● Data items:
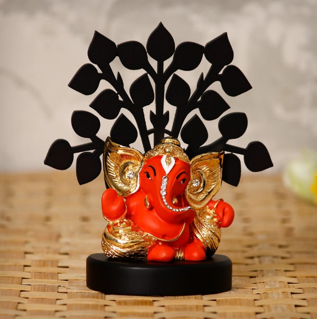 Package Content - One Gold Plated Orange Kaan Ganesha Decorative Showpiece with Wooden Tree for Home/Temple/Office/Car Dashboard
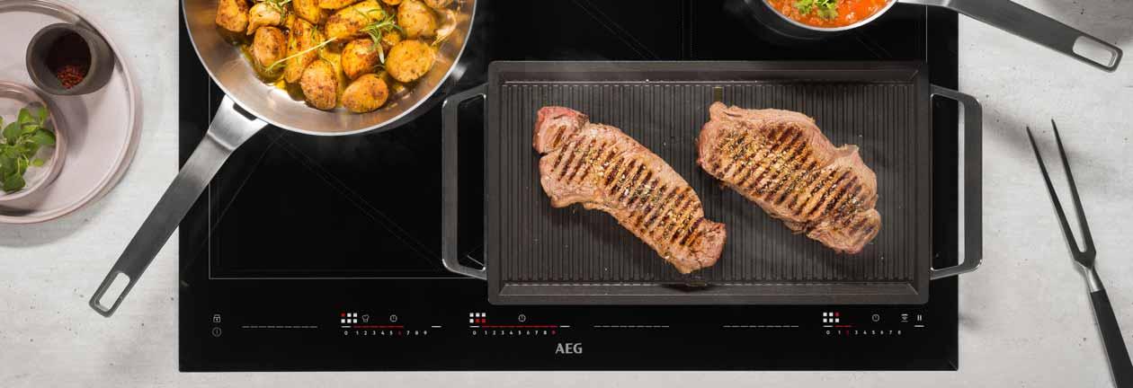 - Forvarm grillpanden godt og svits hver side af kødet i 1 minut
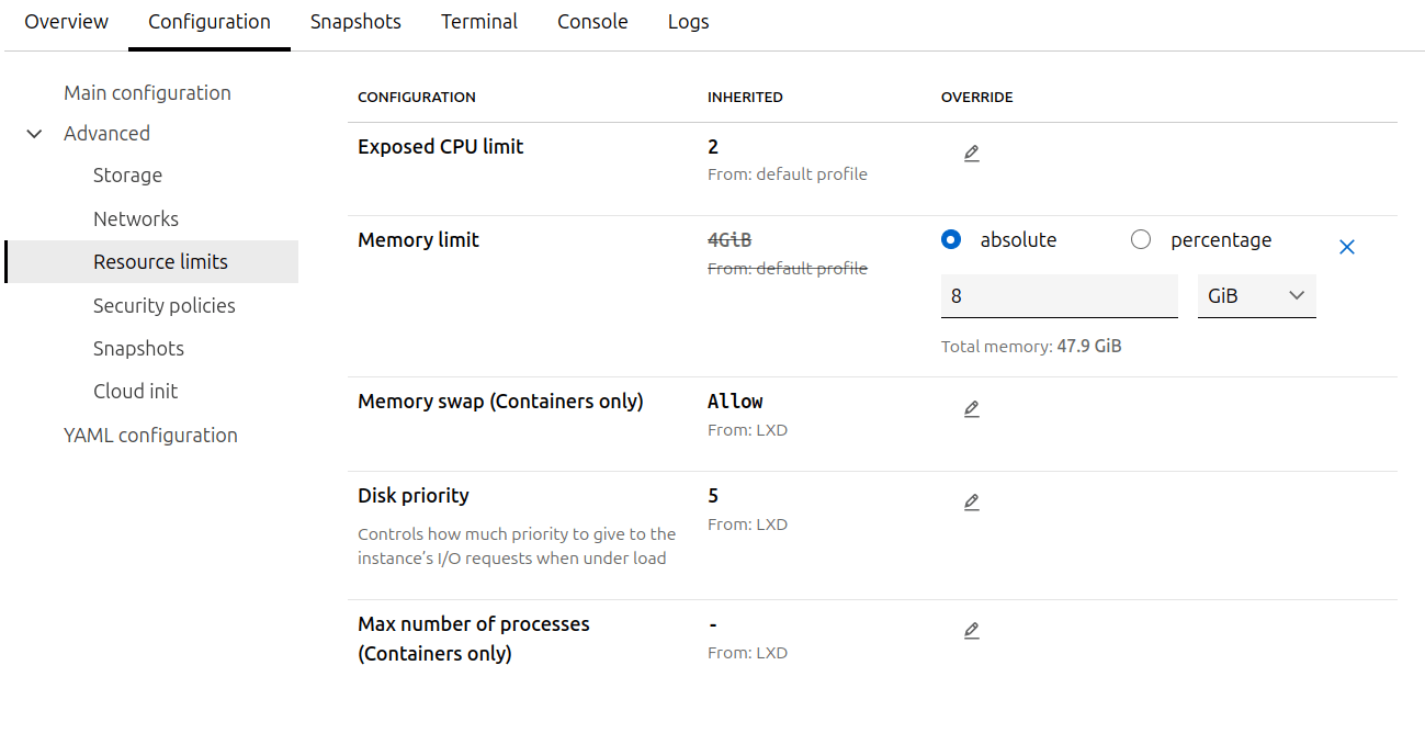 The LXD UI does not distinguish between instance options and instance properties. Therefore, you can configure instance properties in the same way as you configure instance options.
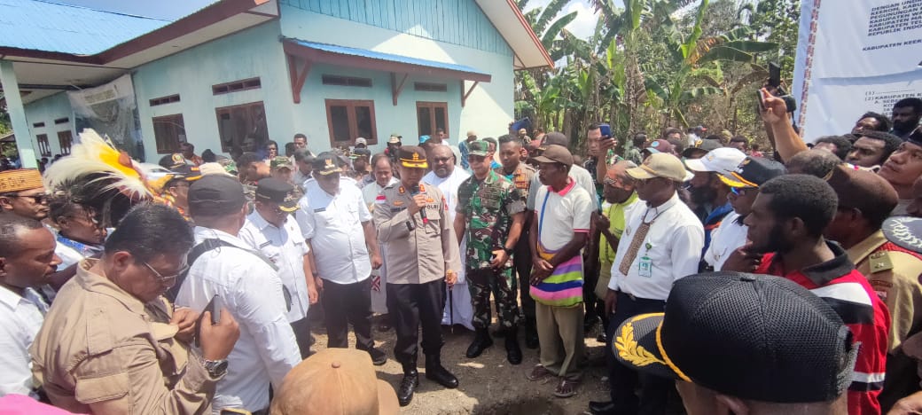 Kapolres Keerom AKBP Christian Aer, S.H.,S.I.K menyampaikan bahwa Peletakan batu pertama ini merupakan Program pemerintah Daerah serta sebagai awal dimulainya pembangunan Kantor Bupati yang baru di Distrik Waris.
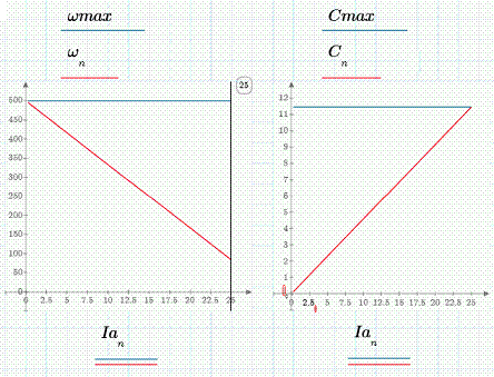 Le caratteristiche elettromeccaniche rappresentano infatti l'andamento rispettivamente della velocità di rotazione e della coppia, in funziona della corrente di armatura. Ed ecco il risultato:
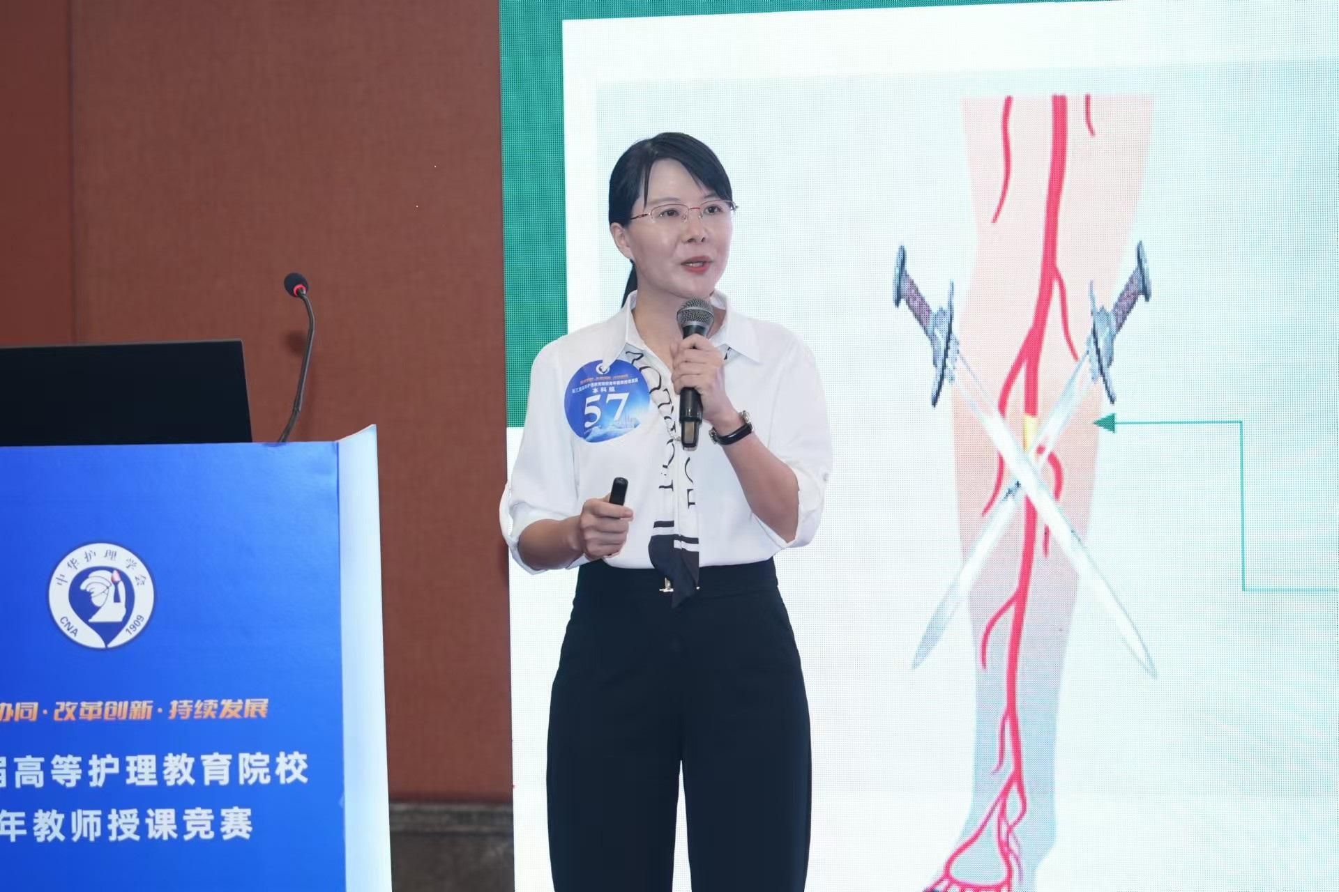 石镁虹参赛的题目是《动脉硬化闭塞症病人的护理——严重缺血期病人的患肢护理》。她凭借扎实的专业知识和精心的教学设计,运用案例、Ai智能等多元化教学方法,借助图文并茂的课件和深入浅出地讲解,充分展现了我校护理教师扎实的教学基本功和创新的思维方式。

● EXERCISE PROMPT:
In the records above, find the line containing "The LXD UI does" and output every line from the first through that one, exactly, omitting pictures.

● TASK RESULT:
 Package Content - One Gold Plated Orange Kaan Ganesha Decorative Showpiece with Wooden Tree for Home/Temple/Office/Car Dashboard
 - Forvarm grillpanden godt og svits hver side af kødet i 1 minut
 The LXD UI does not distinguish between instance options and instance properties. Therefore, you can configure instance properties in the same way as you configure instance options.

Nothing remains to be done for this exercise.